Sunny Silverstein, Associate Editor
Tinder, Instagram, Bumble, Snapchat–is that where I’m supposed to find the one? Are we going to simultaneously match on tinder and magically fall in love? Could my prince charming be just one swipe away? In reality, probably not.
Dating in the 21st century, especially while being in college doesn’t include much romance or many opportunities to meet someone naturally but that doesn’t mean I’m giving up.
Balancing a job with the duties of a full time student and an editor for the school newspaper makes it harder for me to put that much energy into my dating life. With that being said, I’m still open.
I’ve gone on a multitude of dates, had tinder hookups here and there, met people while out, but I’ve struggled to assign a deeper meaning to those connections. For a while, I didn’t see the point in being in a relationship while at a college I’ll only be attending for two years, but I realized that there is no right time for the right person. There’s just time and what you do with it.
I no longer seek out a partner. I’ve rid my phone of the toxicities of Tinder and Instagram and have accepted that the right person will come to me naturally. Forcing yourself to find someone means you aren’t looking in the right place.
For me, college is about finding yourself. It’s about testing your limits and realizing that the most important person in your life should be you.
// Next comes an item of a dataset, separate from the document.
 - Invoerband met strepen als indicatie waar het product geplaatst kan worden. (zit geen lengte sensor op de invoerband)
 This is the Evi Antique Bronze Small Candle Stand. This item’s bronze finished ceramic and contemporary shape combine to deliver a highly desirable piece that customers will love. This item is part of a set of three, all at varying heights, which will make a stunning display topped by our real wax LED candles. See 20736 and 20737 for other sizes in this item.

And it might be scary being alone for a bit, but it’s necessary for growth.
So often we’re looking for someone else because we’re afraid to be by ourselves, but for some people this is what college is all about.
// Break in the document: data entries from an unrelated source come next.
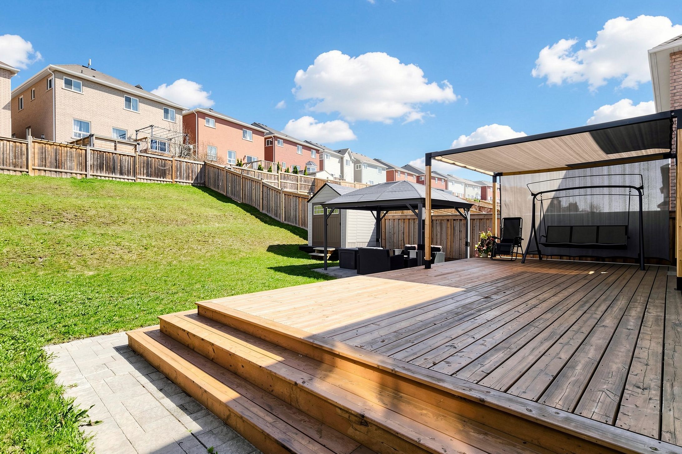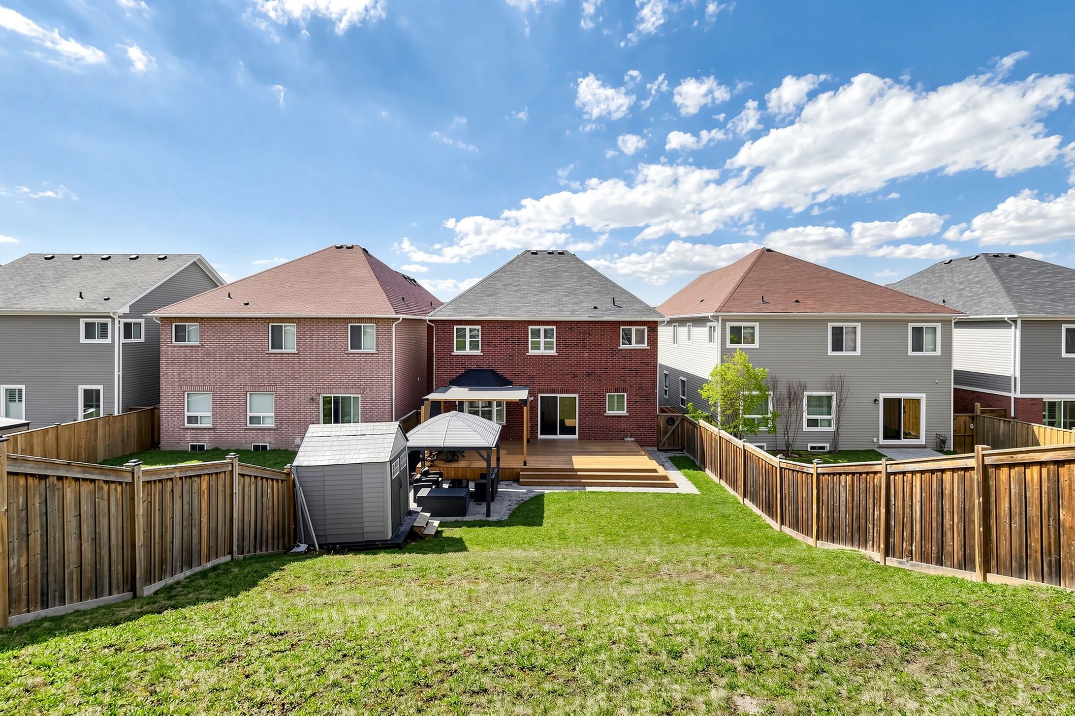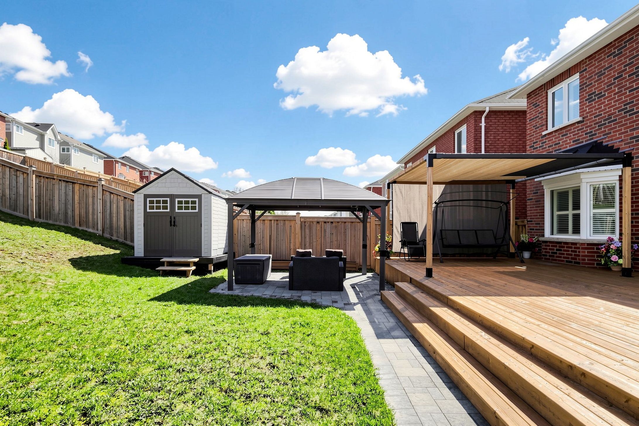 • Landscaped backyard with large deck, gazebo, and patio for outdoor gatherings.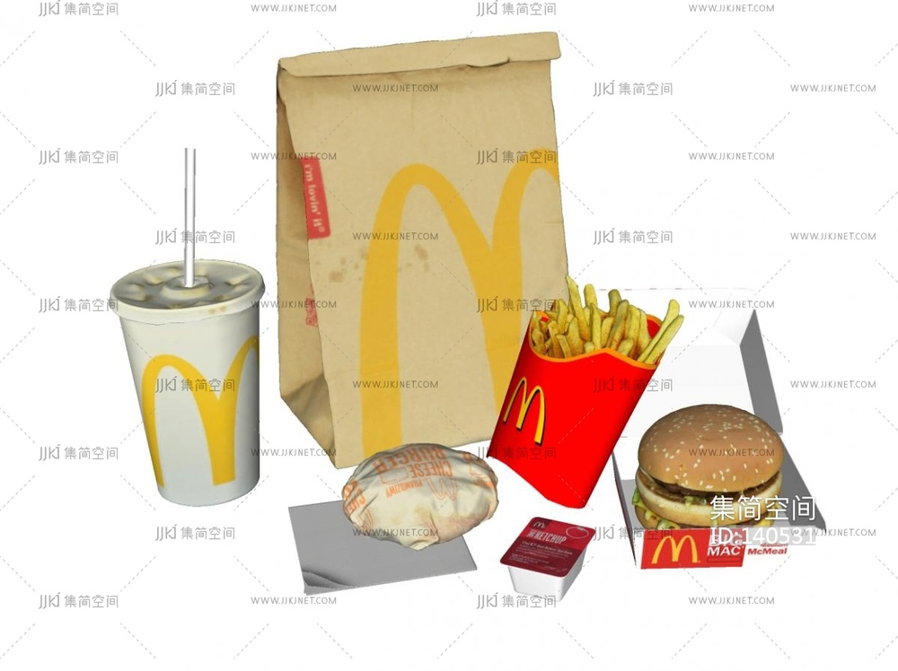 麦当劳薯条,汉堡,可乐SU模型 su草图模型下载 [模型ID:140531]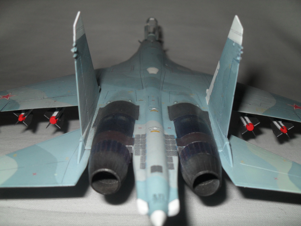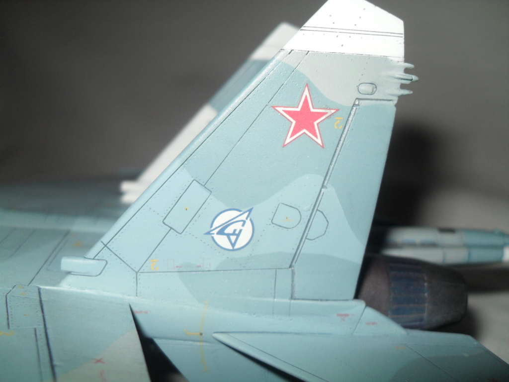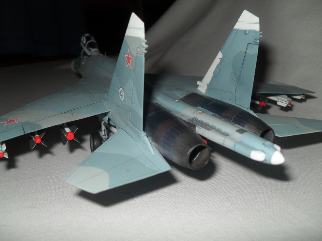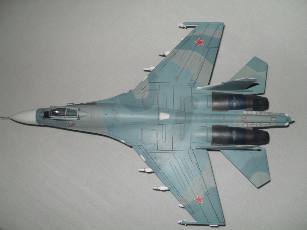 Что касается вашей модели - ШИКАРНО! Очень понравились стойки шасси, особенно прожектора на передней! Расшивка прекрасная! Я сам ещё делать не научился точно также как и на техничку терпения по определению не хватает. Замечательный результат! Не могу не задать пару вопросов. Вроде ж у 27-го сухаря 10 ракет - 4 под брюхом и по 3 на крыле. А у вас по 4 на крыле? Не ошибка ли Айсиэмовская? Вроде ж увеличенное, по сравнению с 27-ым, количество ракет шло уже на следующих модификациях - 30, 35 и т.д.? Или я чего-то не знаю? И ещё. Как делали шар оптико-локационной станции, тот, что перед фонарём? Очень понравился результат просто. Поделитесь секретом. Да, и ещё, металлическая полоска там же, это фольга??? Очень жду ответа.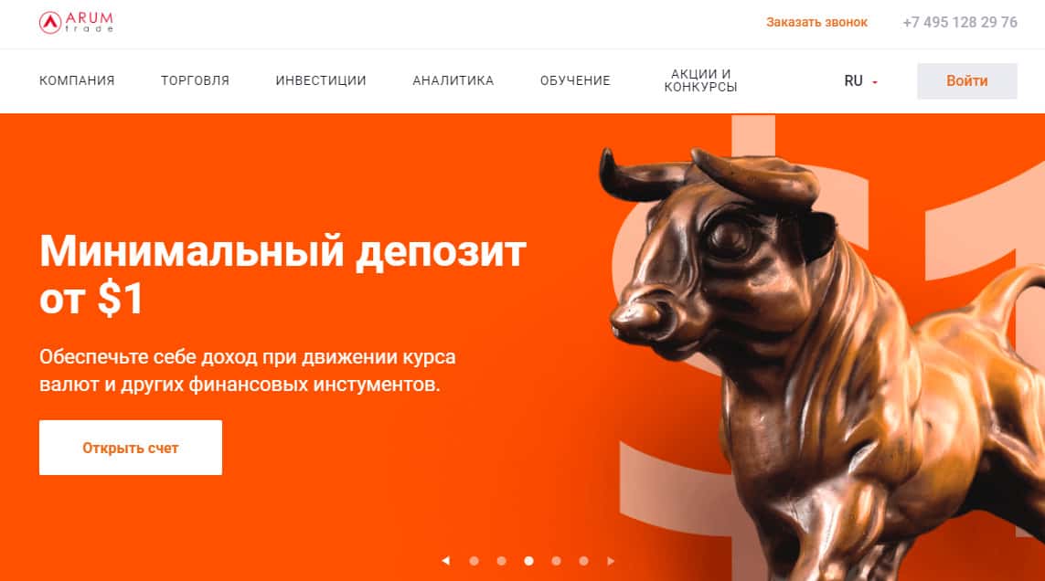 Начинается сайт у аферистов ArumTrade с довольно стандартной и банальной шапки сайта, в которой у лохотрона Арум Трейд имеется вполне стандартный позыв к наивной клиентуре открыть у мошенников ArumTrade для дальнейшего сотрудничества с данной сомнительной конторой. На изображении ниже вы можете наглядно увидеть начало подвального сайта жулья.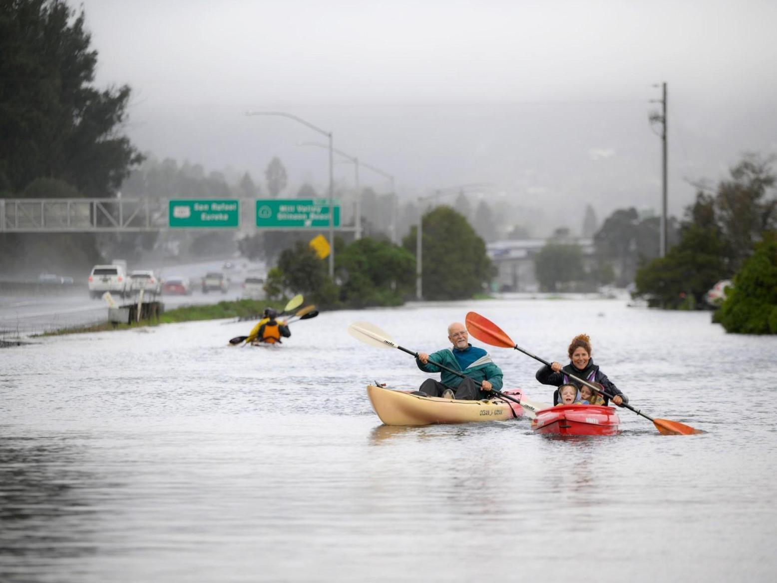 ودعت السلطات في المناطق المتضررة، الواقعة شمال سان فرانسيسكو، السكان إلى البقاء في منازلهم حتى انحسار المياه ونزول مستواها. وجدّف بعض الناس بقوارب الكاياك على طول الشوارع المغمورة بالمياه من أجل التنقل وسط تلك الأوضاع.

So spend time alone, cherish it, and the right person will find you. I wish for people my age to soon leave the harmful antics of dating apps behind and remember that people fell in love before swiping right existed.
Dating: it really isn’t like the romance books.
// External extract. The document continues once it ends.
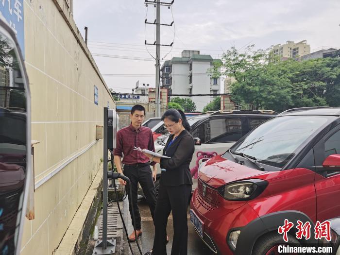 图为柳城县纪委监委驻县财政局纪检监察组在该县老旧小区,开展新能源汽车公用充电基础设施建设及运营管理情况专项监督检查。 龙然生摄

All of the fantasy stories of the perfect couple seem to become just that, simple fantasy. Maybe I am being dramatic, but as time goes on, I find myself less and less interested in dating. I have friends who seem to have a flourishing love life, meeting new people and going to social events or using social media and dating apps to find someone. I thought it would bother me to not be doing the same thing, but when I really think about it, I find myself content with the way that my life is right now, single.
That doesn’t mean that I can’t look at someone I find attractive once in a while, and while college and work still take up most of my time, I still am open to talking to someone. I have always liked to have a friendship with someone before gaining interest. It has always been difficult for me to simply see someone walking down the street and think, “Ah yes, I want that one.”
I have had some experiences with dating before and I would not consider them to be bad or good. I was young, and dating in high school seems to be a pretty common thing. It has shown me that dating is not something that you need to force to happen if you feel left out. I want to let it happen on its own, whether it’s going to happen now or some day in the future. It took a long time for me to figure out that it is okay for me to not be so open to dating as the majority of college students. Romance books and the fictional characters that I read about are good enough for me.
Dating in college? I’m pretty sure that’s a myth. College students don’t date. We have “situationships.” In an attempt to keep relationships from becoming serious or messy, we create these unlabeled relationships in the name of “just having fun.”
Although today I can appreciate the casualness of college dating, when I first arrived at City College I actively tried to fight it. Every weekend I would go out with rose-colored glasses on, determined to lock eyes with my soulmate from across the crowded party. As you can imagine, this never worked very well. Although I met some wonderful people, I quickly discovered that I wouldn’t be finding my soulmate in a frat house.
Disheartened but not discouraged, I turned to dating apps, as if by subjecting myself to Tinder, I’d have a wider variety of potential soulmate relationships. This couldn’t have been farther from the truth. I became trapped in a cycle of endless swipes and shallow conversations. In the end, the only outcome of my time on dating apps has been awkward run-ins with miscellaneous matches.
However, through all my trial and error, I came to a realization. For dating to be fun and exciting, it can’t be manufactured. Dating apps or forced conversations may work for some, but for me, nothing can beat an organic connection. Once I let go of the societal pressures of dating I was able to prioritize myself, rather than spend my time decoding texts on dating apps. If you are going through the trials and tribulations of dating in college, I encourage you to keep an open mind, emphasize self-care, and remember that at the end of the day, whatever is meant to happen will happen.